Major newspaper editors and TV producers have prepared very few reports about issues of race in this disaster, and those reports that have appeared so far seem to me deeply insufficient in their analysis of endemic class and race problems. I've been communicating with a national magazine reporter friend of mine since Tuesday night about the issues of race and class in this catastrophe; here's my email comment on this topic from earlier today:
CNN addressed the race question today on TV, but only to ask softball questions of Jesse Jackson, who to his discredit didn't exhibit even a modicum of the anger of one Louisiana black political leader, who said: "While the Administration has spoken of 'shock and awe' in the war on terror, the response to this disaster has been 'shockingly awful.'"
The Washington Post also ran a puff piece that doesn't ask any of the relevant questions, such as whether the Administration's response would have been faster if these were white people suffering the agonies of a slow motion disaster. Here's the link to the Post's piece.
Michael Moore also had this to say in a letter to President Bush circulated today:
No, Mr. Bush, you just stay the course. It's not your fault that 30 percent of New Orleans lives in poverty or that tens of thousands had no transportation to get out of town. C'mon, they're black! I mean, it's not like this happened to Kennebunkport. Can you imagine leaving white people on their roofs for five days? Don't make me laugh! Race has nothing — NOTHING — to do with this!

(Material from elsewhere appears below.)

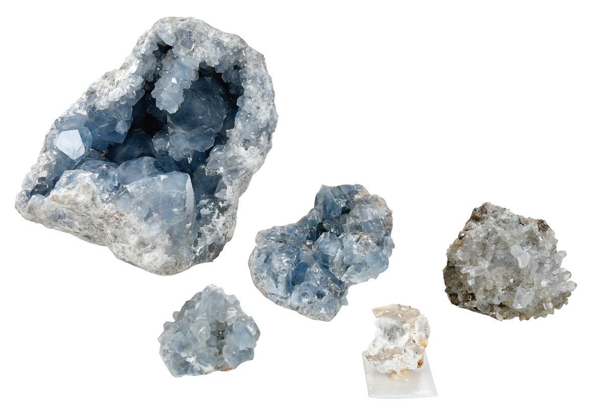 five specimens, all with nice light blue terminations, celestite is a primary source for strontium which lends the vibrant red color to fireworks, the largest 6-3/4 x 5 x 4-1/2 in. total weight 5.6 kg, losses, abrasions, chips, and cracks to specimens

(See Michael Moore's full letter here.)
A member of the Congressional Black Caucus had to remind reporters today to stop referring to those displaced by the flooding with the blanket term "refugees" (recalling, of course, the waves of Haitian or Central American or Southeast Asian refugees who sought shelter in the US): these people are citizens, she said, deserving of the full protections guaranteed to all Americans.

The federal government promised on Wednesday that those receiving food stamps could get their full allotment at the beginning of September, rather than the usual piecemeal distribution throughout the month. How very generous. What these people need is relief money and access to services now — even the 50,000 or so exhausted and traumatized people whose images we've seen at the N.O. Superdome and at the Civic Center are just a few of the far larger number of those residents of the region displaced by the hurricane, many of whom live from monthly paycheck to paycheck. It will be months at the very least before these people can return home; their jobs may be gone for good. The mayor of New Orleans was actually caught off camera crying in frustration today at the slow pace of the federal response.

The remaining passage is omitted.